[RFC/PATCH] kvm tools, qcow: Add support for writing to zero refcount clusters

[Date Prev][Date Next][Thread Prev][Thread Next][Date Index][Thread Index]

 



This patch adds support for writing to zero refcount clusters.

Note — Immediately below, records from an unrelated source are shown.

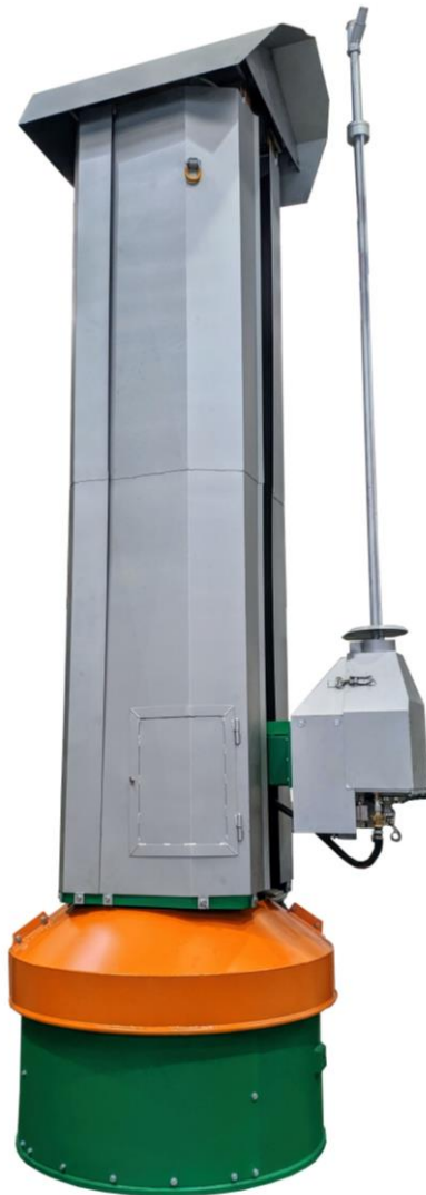
Spritzmanipulator TR54 mit 1 Lanze Gunning manipulator TR54 with 1 Lance
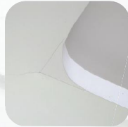
บันทึกรายละเอียดของรูปทรง

เพื่อที่จะตอบสนองการนำไปออกแบบใช้งานที่หลากหลายมากยิ่งขึ้น ฝ้าเส้นระดับสำเร็จรูปสำหรับงานตกแต่ง ชุดเข้ามุม ถูกออกแบบมา เพื่อแก้ปัญหารอยแตกร้าวในบริเวณมุมของฝ้าเส้นระดับ ช่วยลดปัญหา ความเพี้ยนของมุมและส่วนโค้งที่ไม่ได้ มาตรฐาน ใช้ติดตั้งร่วมกับอัลฟาบอร์ด รุ่น L-Box SE100x300TE โดยเฉพาะ ซึ่งเมื่อนำมาประกอบเข้าด้วยกันแล้ว สามารถสร้างสรรคผลงานออกมาได้ ไม่จำกัดรูปแบบ
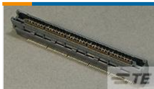
TE 系列/零件编号5767095-5 MICT,REC,EXT,190,ASY, PDNI,025
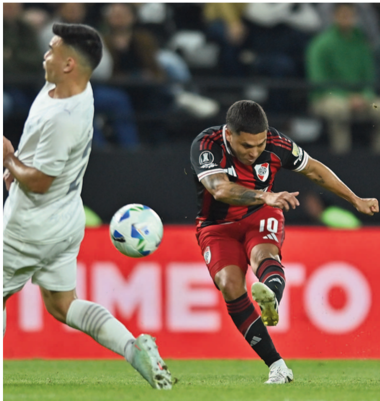
El Millonario definirá la serie de local el próximo jueves. WEB
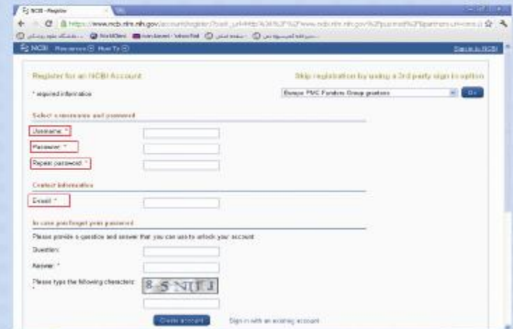
شکل ۳. مرحله سوم

گزینه های مربوط به فرم ثبت نام را مطابق شکل ۳ تکمیل نمایید.
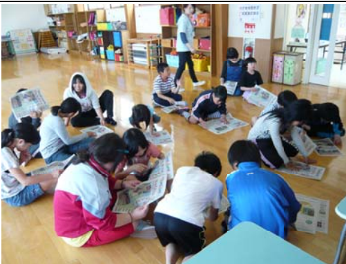
新聞の中に出てくる「徳川家康」をさがします

まず初めに、東奥小中 学生新聞「週刊ジュニジュ ニ」を全員で読み、次は 新聞の中に出てくる言葉 をさがすゲーム、数独に 挑戦、そして最後に、丸 めて作ったボールをころ
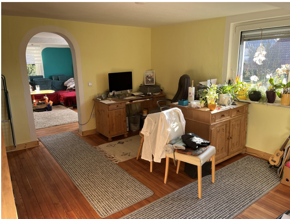
Büro oder Esszimmer
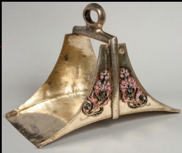
Стремя. Латинские страны. XVII -XVIII века.
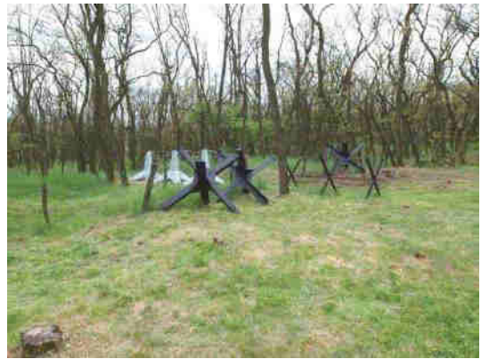
Intervalová překážka (dočasná)
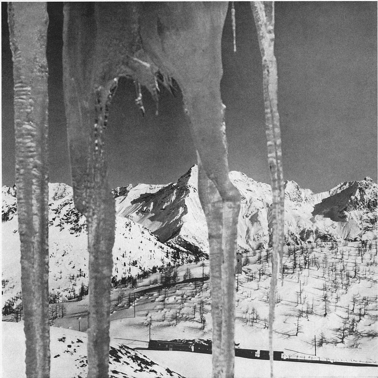
Die Berninabahn oberhalb Alp Grüm im Puschlav Un convoi du Chemin de fer de la Bernina au-dessus d'Alp Grüm, dans la vallée de Poschiavo La ferrovia del Bernina nel tratto sovrastante l'Alp Grüm, in Val Poschiavo The Bernina Railway above Alp Grüm in the Poschiavo Valley
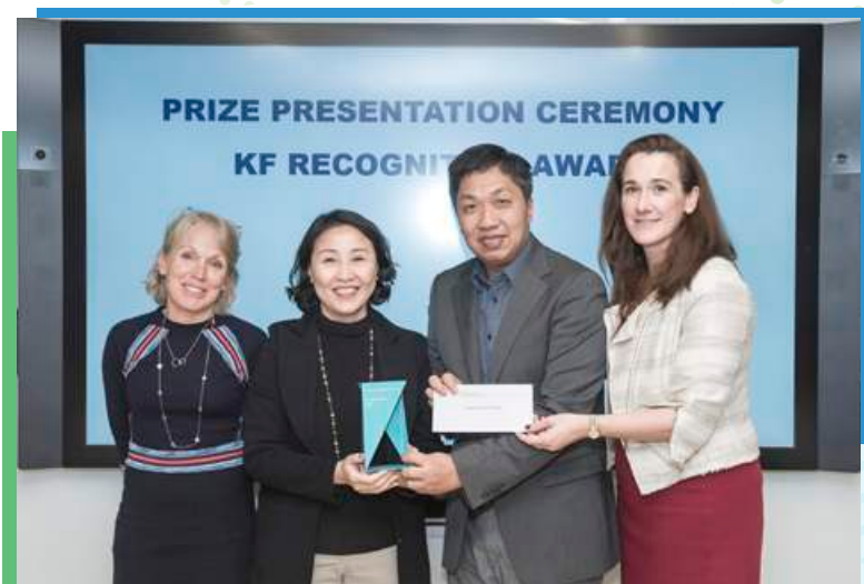
青年家舍服務獲凱瑟克基金 頒發最佳服務項目獎
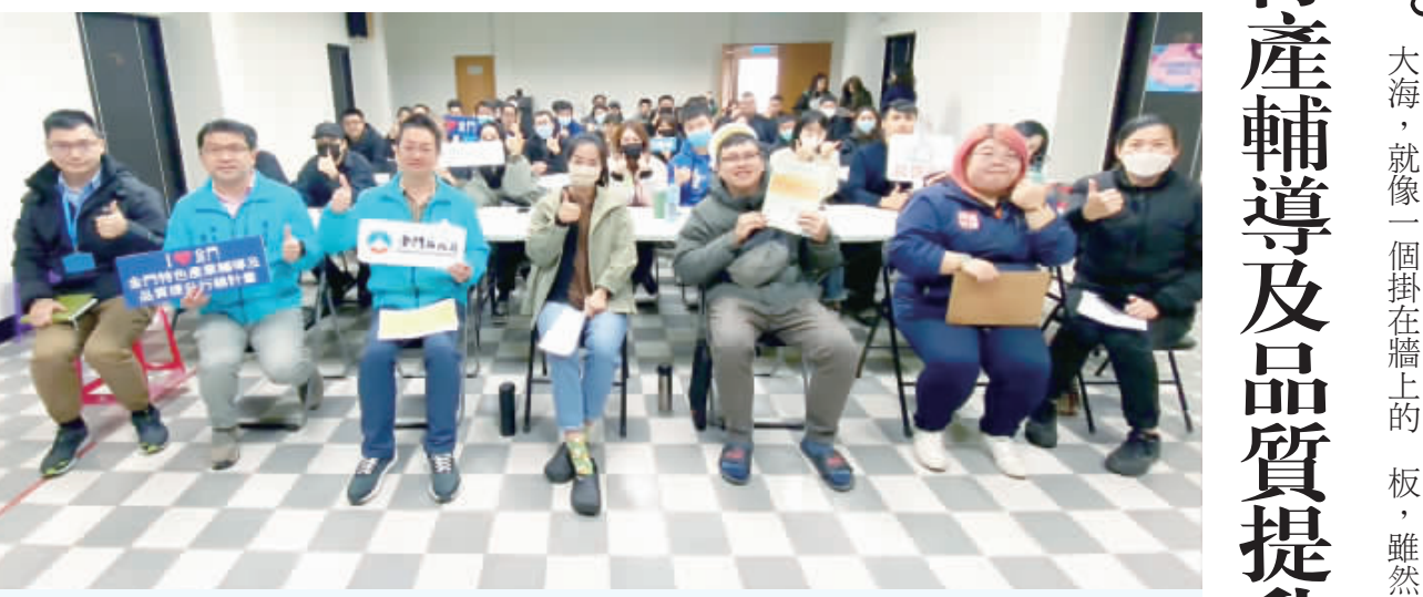
特色產業輔導及品質提升行銷計畫說明會吸引超過60位業者參加。

記者陳冠霖／縣府報導 金門特色產業輔導及品質提升行銷計畫現正受理報名，截止日期至3月30日止。本說明會吸引了超過60位來自金門地區的業者參加，展現地方對於產業發展的關注和渴望。縣府建設處表示，近年來一直積極推動美食業者的輔導及品質提升計畫，並獲得眾多業者積極參與和支持。本計畫針對縣內合法經營且願意接受輔導的業者，提供產業輔導升級的支援，透過顧問協助與指導，以進行輔導申請與改善，依營業需求針對營業環境提升、科技應用導入、包裝設計、品牌設計、故事行銷化輔導等，由專家顧問團隊協助提供客製化輔導。
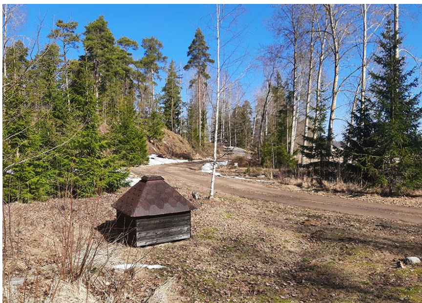
Bild 5. Infartsvägen till byggplats 2 längs den östra stranden av Storholmen.
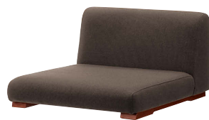
張地：布・NC・NC-014 (D) ¥33,000
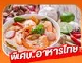
พิเศษ! อาหารไทย

1 - 5 เม.ย. / 29 เม.ย. - 3 พ.ค. 69 27 - 31 พ.ค. 69
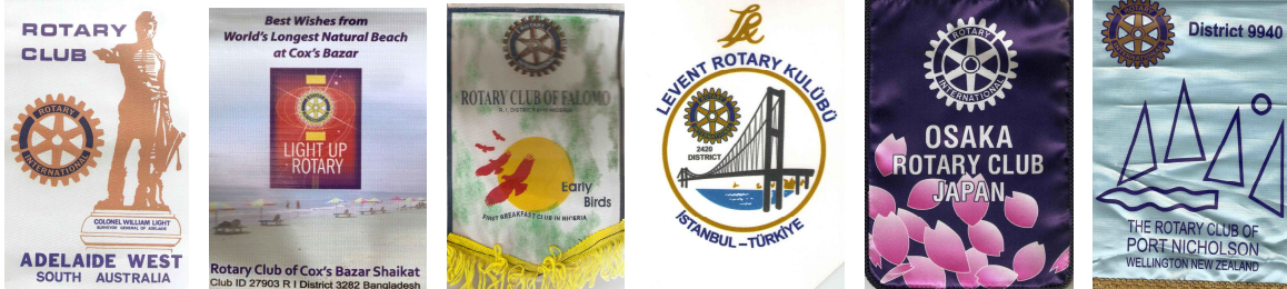
Adelaide West Falomo (en train) Levent Osaka (Au resto) Wellington NZ
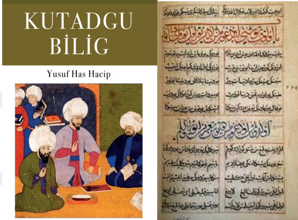
Şekil 3. Kutadgu Bilig'den bir kesit

olduğunu ve bu özelliklerin nasıl kazanılması gerektiğiyle ilgili tavsiyeler vermektedir (Yıldırım, 2018, s. 48).
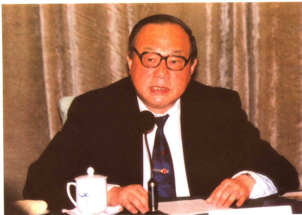
1999年10月11日，林用三副部长在劳动保障部、国家计委、民政部、中国残联共同召开的全国残疾人就业工作会议上讲话。
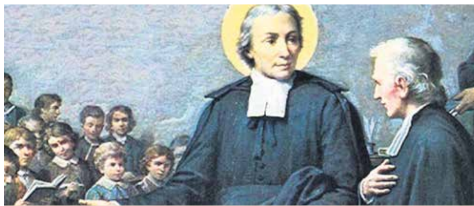
San Juan Bautista de la Salle es patrono de los educadores cristianos.

Por este motivo, el 21 de noviembre, el colegio La Salle Franciscanas Gran Vía de Zaragoza se sumó a una acción conjunta llevada a cabo por todas las obras educativas de la red y desplegó una lona conmemorativa con la que, aprovechando el tricentenario, recordaron no solo al fundador, sino el carisma y la identidad lasalianos.
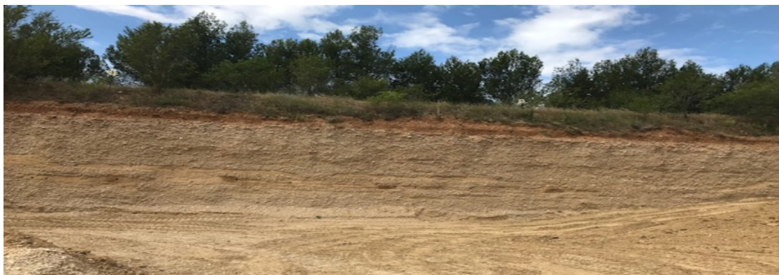
( front abritant plusieurs nids des Guépier d'Europe ( Merops apiaster )

Refcount blocks
are cached in like L2 tables and flushed upon VIRTIO_BLK_T_FLUSH and when
evicted from the LRU cache.

With this patch applied, 'qemu-img check' no longer complains about referenced
clusters with zero reference count after

  dd if=/dev/zero of=/mnt/tmp

where '/mnt' is freshly generated QCOW2 image.

Cc: Asias He <asias.hejun@xxxxxxxxx>
Cc: Cyrill Gorcunov <gorcunov@xxxxxxxxx>
Cc: Ingo Molnar <mingo@xxxxxxx>
Cc: Kevin Wolf <kwolf@xxxxxxxxxx>
Cc: Prasad Joshi <prasadjoshi124@xxxxxxxxx>
Cc: Sasha Levin <levinsasha928@xxxxxxxxx>
Signed-off-by: Pekka Enberg <penberg@xxxxxxxxxx>
---
 tools/kvm/disk/qcow.c        |  267 ++++++++++++++++++++++++++++++++++++++++--
 tools/kvm/include/kvm/qcow.h |   24 ++++
 2 files changed, 283 insertions(+), 8 deletions(-)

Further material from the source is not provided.